Snapchat parent Snap just started trading on the New York Stock Exchange at $24 a share, a roughly 40% premium on the $17 IPO price set by the company last night.
That implies a valuation of about $33 billion—very close to the $31 billion valuation Twitter opened with in 2013. It puts Snap, which is billing itself as a camera company, in a league with companies such as Target (market cap: $32 billion) and Marriott International ($34 billion), and close behind the likes of eBay ($36 billion) and Delta Air Lines ($38 billion).
Snap’s IPO was 12 times oversubscribed, CNBC reported this morning, with some investors getting only 2% of what they requested.

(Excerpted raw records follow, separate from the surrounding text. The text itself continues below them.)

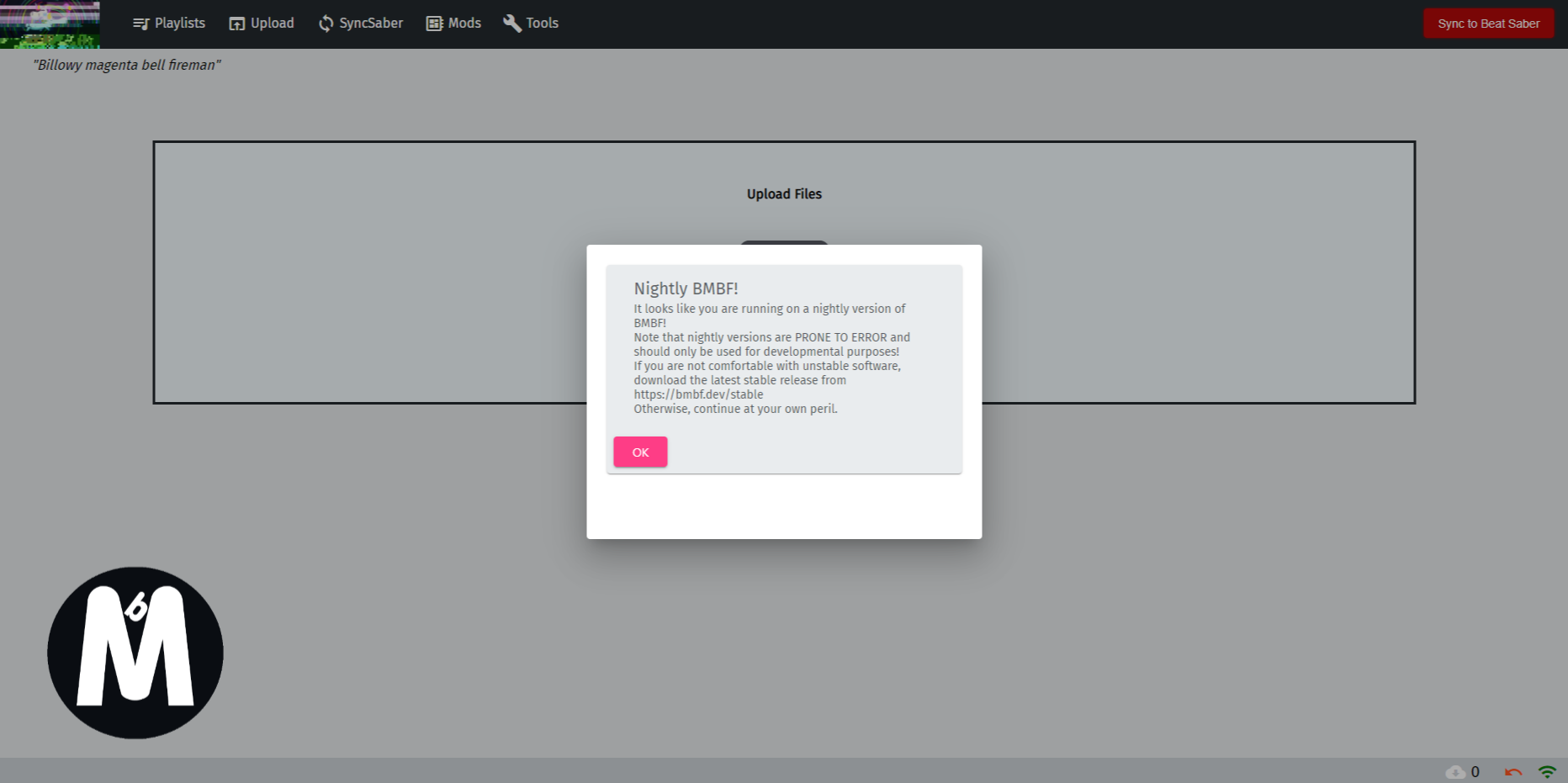 BMBF 나이틀리는 정식버전이 아닌, 어디까지나 개발 테스트 빌드이기 때문에 사용에 따라 크고 작은 버그들이 있을 수 있으며 "커스텀곡" 외에는 다른 기능은 지원되지 않습니다.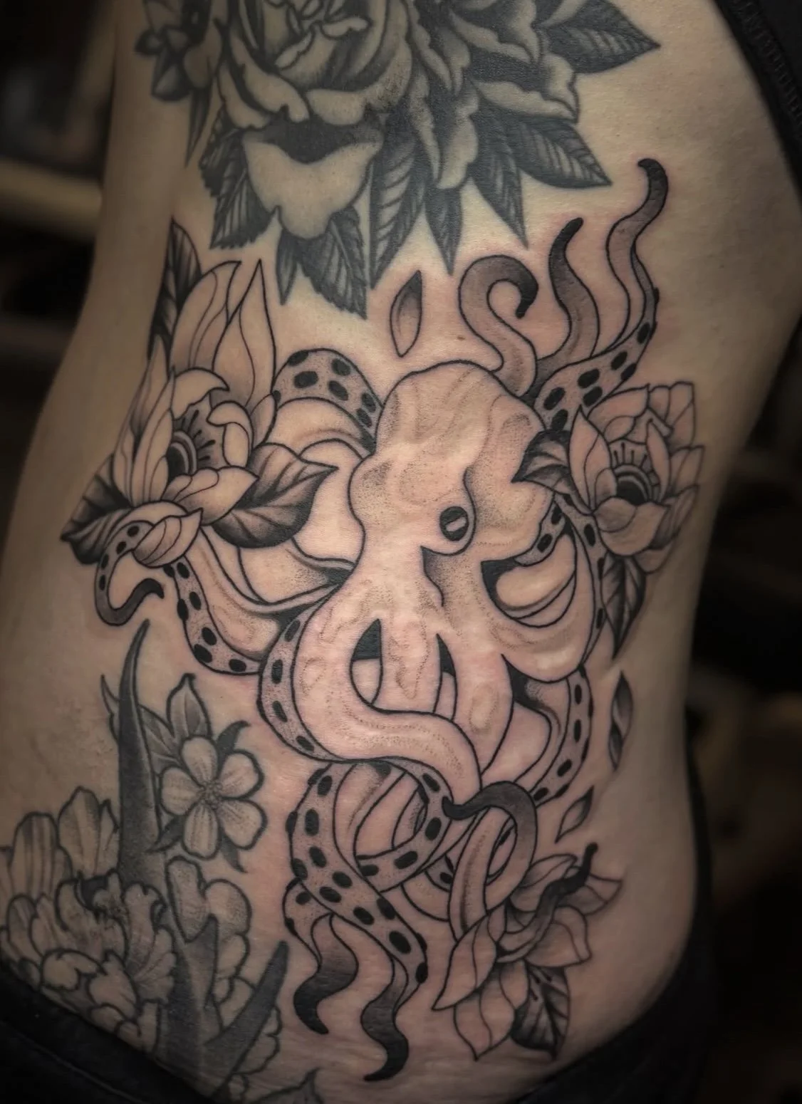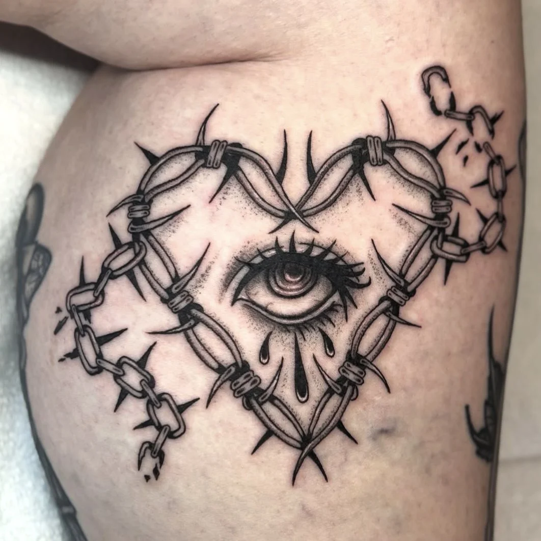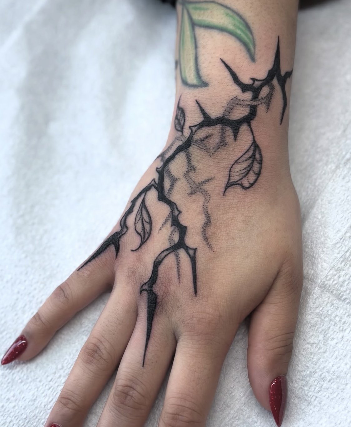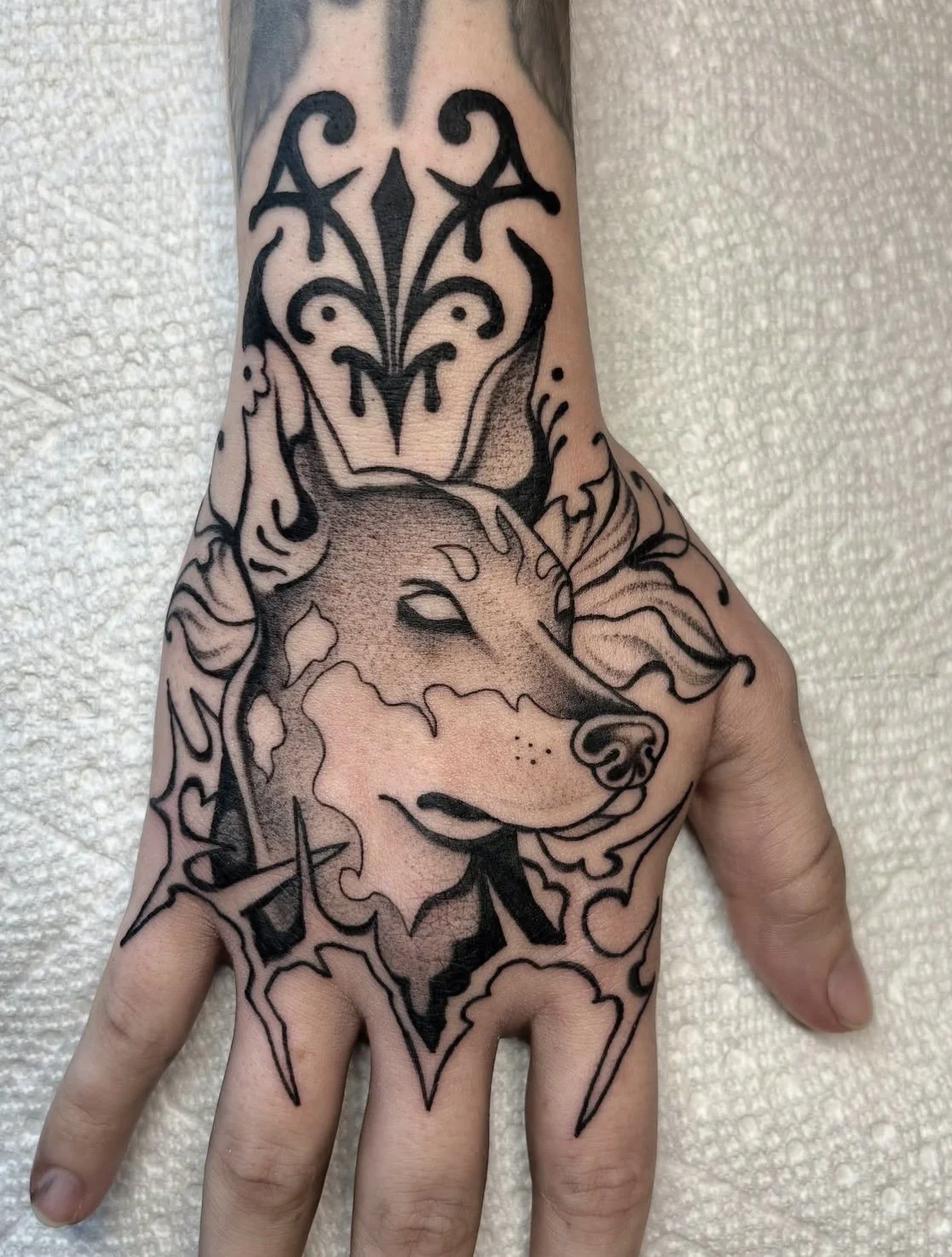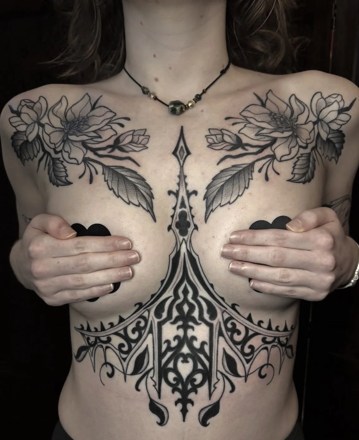 Jasmine specializes in illustrative black and grey tattoos and fine line work, with a focus on detail, contrast, and custom composition. Her favorite subject matter includes gothic and medieval imagery, botanicals, surrealism, and anime-inspired designs.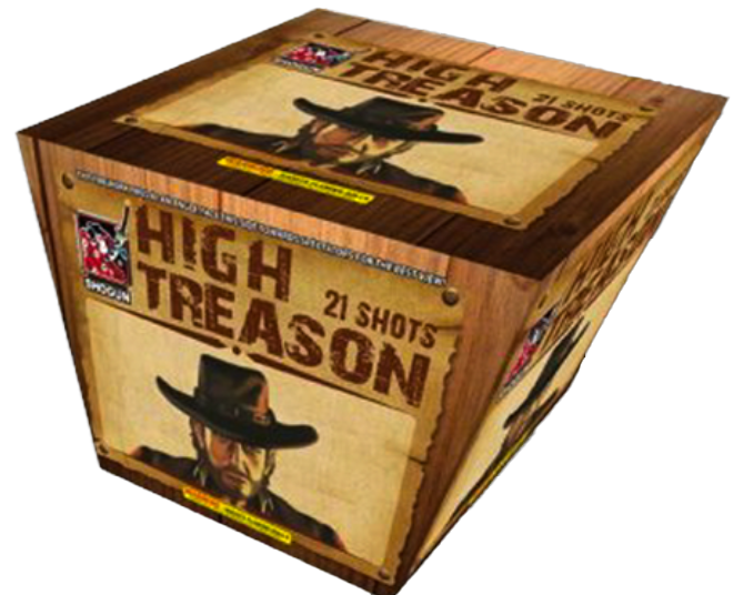 16 shots wanted for rebellion await their trial by fire. Silver tourbillions, whistles, and crackling hang high in the sky followed by brocade with red/white strobe. Red strobe mines lead off each shot. You be the judge!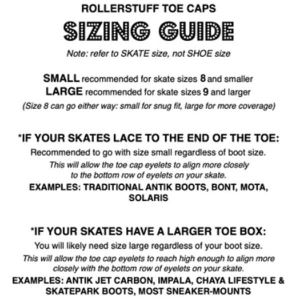 If your skates have a larger toe box you will likely need size Large regardless of your boot size. This will allow the toe cap eyelets to reach high enough to align more closely with the bottom row of eyelets on your skate. For example: Impala Skates, Antik Jet Carbon, Chaya lifestyle boots, Sneaker mounts.

The offering includes 200 million shares of Class A common stock. Those shares are unique among Snap’s stock in that they don’t confer any voting rights on their holders. Snap’s capital structure is expected to help co-founders Evan Spiegel and Robert Murphy retain control even now that the company is publicly traded.
Snap’s decision to go public is a rarity among the current crop of highly valued tech startups. Silicon Valley boasts nearly 200 “unicorns”—industry slang for a private tech company valued at $1 billion or more. Snapchat was chief among them, with an $18 billion valuation from investors prior to its IPO.
Like many of those unicorns, Snap also isn’t profitable. The company spends far more than it makes, with costs and expenses exceeding revenue by $170 million in the fourth quarter of 2016 alone.